I'm in this situation too, hanging on to my job (as a teacher) by the skin of my teeth. My employer has been as flexible as possible, which is not easy in my field. Trying to advocate for a child with SEND in mainstream education because there are no suitable specialist school places, and having to be the driver that ensures school and local authority fulfil statutory duties and deliver some kind of suitable provision for my child is like another job. Managing appointments and assessments, and routinely completing more paperwork than I've done for anything, ever, bar a postgraduate professional qualification, takes up an inordinate amount of time, at crunch-points such as leading up to key transitions, hours every week. This isn't me being 'precious' about my child's provision, it's just that if I didn't put this work in, the flimsy structures put in place to support DD would grind to a halt, she wouldn't cope in school and I would need to leave work to non-electively home educate.

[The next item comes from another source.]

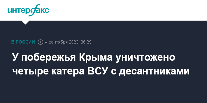 Москва. 4 сентября. INTERFAX.RU - Российские самолеты уничтожили в Черном море четыре военных катера американского производства с десантными группами вооруженных сил Украины (ВСУ), заявили в Минобороны РФ.

Working in education I see families all the time who just don't have the resources ‐knowledge, time, finances‐ to engage 'the system' and embark on the long hard slog of getting their child's needs recognised and supported in education. Because left to their own devices, schools won't necessarily do it ‐there's no money in the system. And it's invariably women, mothers, who bear the brunt of this institutionalised, systemic oversight.
I'm on various online forums and groups pertaining to my child's specific needs, and the other members are almost exclusively women, pretty much all of whom are in this same precarious position of seriously having to consider surrendering careers and financial independence because there just isn't enough support in the system to care for vulnerable children.